== Problem statement ==
Directions for the data below: repeat exactly the lines from the one with "आपको बता दें" through the one with "本文关于中国英利绿色能源控股", both included, and omit all pictures.
***** Dataset records *****
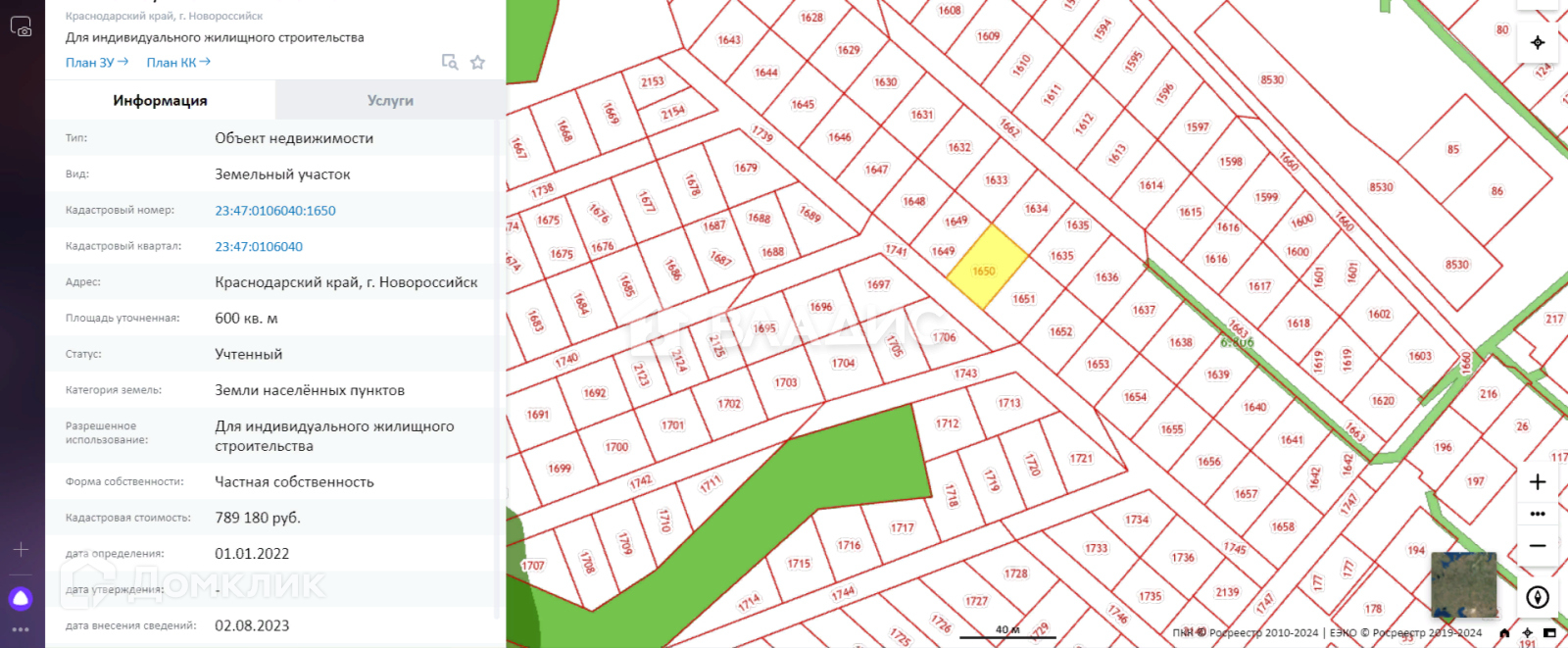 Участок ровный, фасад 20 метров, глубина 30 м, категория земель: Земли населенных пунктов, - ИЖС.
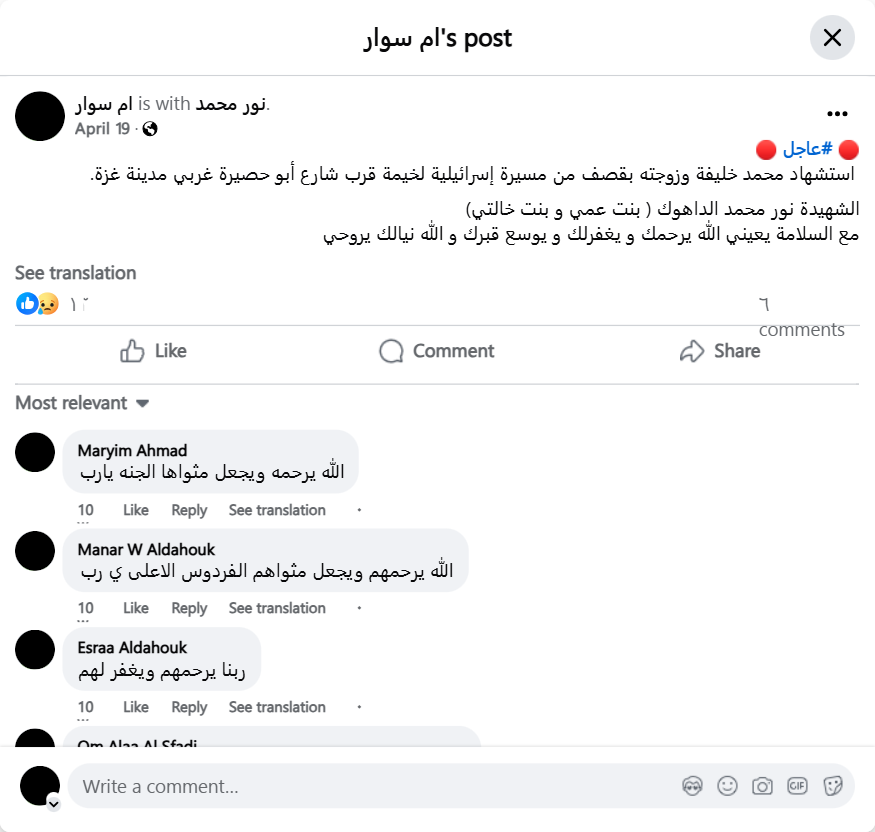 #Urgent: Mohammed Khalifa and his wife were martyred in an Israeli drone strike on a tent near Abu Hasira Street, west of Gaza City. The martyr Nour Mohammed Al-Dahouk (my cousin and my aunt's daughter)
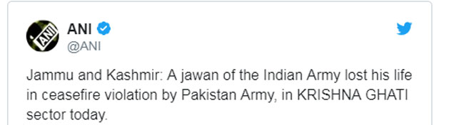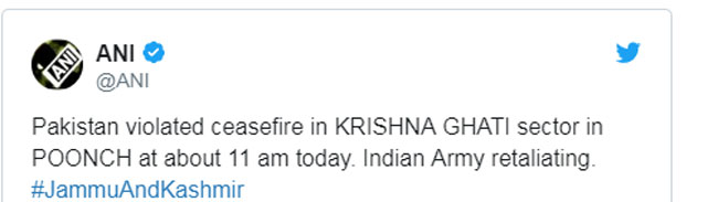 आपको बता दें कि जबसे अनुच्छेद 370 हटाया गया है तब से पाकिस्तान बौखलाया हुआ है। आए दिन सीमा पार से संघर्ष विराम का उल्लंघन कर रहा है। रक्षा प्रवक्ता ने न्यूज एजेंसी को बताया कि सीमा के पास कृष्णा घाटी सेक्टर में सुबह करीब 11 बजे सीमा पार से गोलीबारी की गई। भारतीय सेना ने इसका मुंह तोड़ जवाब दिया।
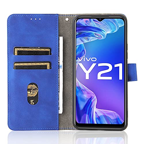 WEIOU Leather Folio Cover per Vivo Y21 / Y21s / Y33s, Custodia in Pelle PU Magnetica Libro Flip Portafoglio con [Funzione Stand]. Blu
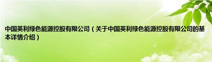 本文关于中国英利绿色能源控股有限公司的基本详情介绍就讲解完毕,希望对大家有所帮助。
*****
***** Dataset records *****
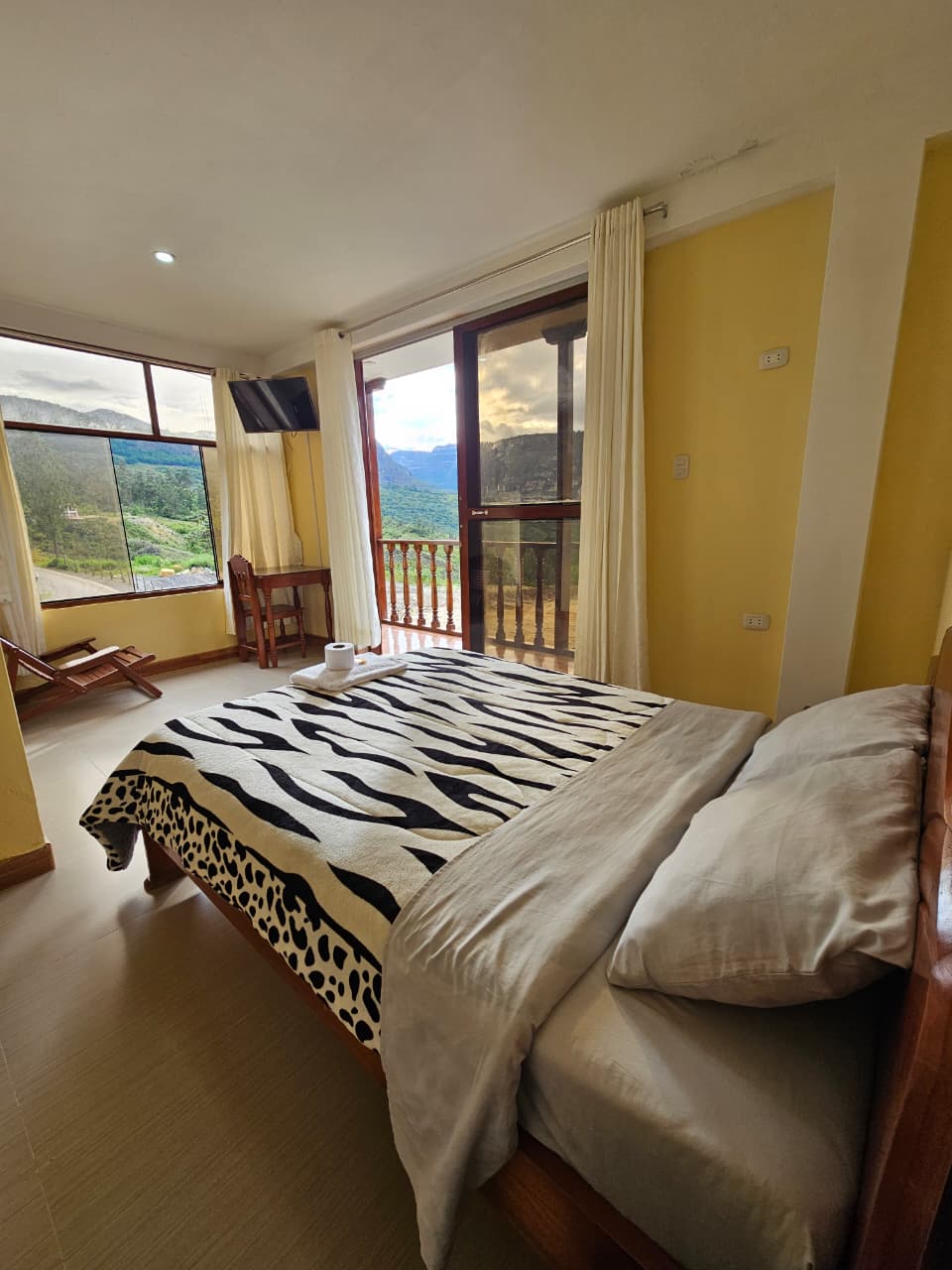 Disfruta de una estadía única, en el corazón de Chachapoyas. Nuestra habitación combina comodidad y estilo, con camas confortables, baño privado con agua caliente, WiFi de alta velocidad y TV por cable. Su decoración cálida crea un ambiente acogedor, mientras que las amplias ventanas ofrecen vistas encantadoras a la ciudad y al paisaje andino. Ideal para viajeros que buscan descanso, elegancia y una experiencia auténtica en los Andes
*****
***** Dataset records *****
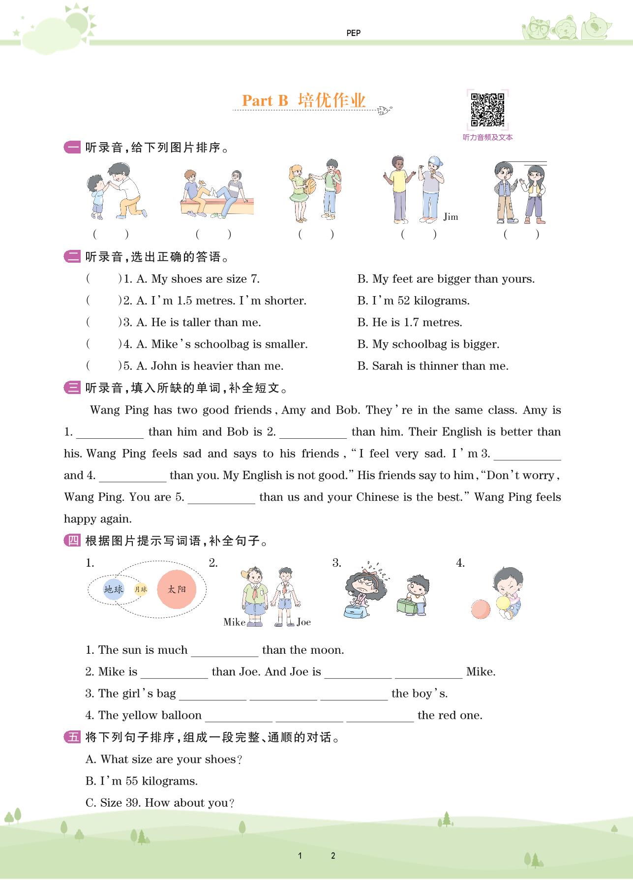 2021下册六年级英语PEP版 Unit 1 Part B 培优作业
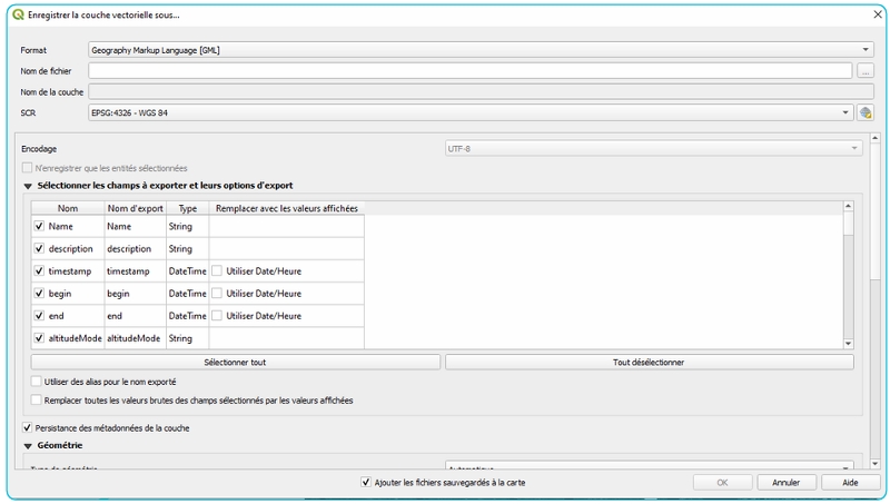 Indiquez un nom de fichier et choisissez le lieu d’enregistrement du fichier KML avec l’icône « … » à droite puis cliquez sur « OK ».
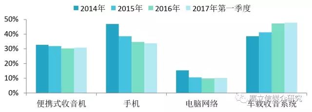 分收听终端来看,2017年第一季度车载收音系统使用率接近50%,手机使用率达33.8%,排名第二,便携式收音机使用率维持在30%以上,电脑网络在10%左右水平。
*****
== Expected answer ==
 आपको बता दें कि जबसे अनुच्छेद 370 हटाया गया है तब से पाकिस्तान बौखलाया हुआ है। आए दिन सीमा पार से संघर्ष विराम का उल्लंघन कर रहा है। रक्षा प्रवक्ता ने न्यूज एजेंसी को बताया कि सीमा के पास कृष्णा घाटी सेक्टर में सुबह करीब 11 बजे सीमा पार से गोलीबारी की गई। भारतीय सेना ने इसका मुंह तोड़ जवाब दिया।
 WEIOU Leather Folio Cover per Vivo Y21 / Y21s / Y33s, Custodia in Pelle PU Magnetica Libro Flip Portafoglio con [Funzione Stand]. Blu
 本文关于中国英利绿色能源控股有限公司的基本详情介绍就讲解完毕,希望对大家有所帮助。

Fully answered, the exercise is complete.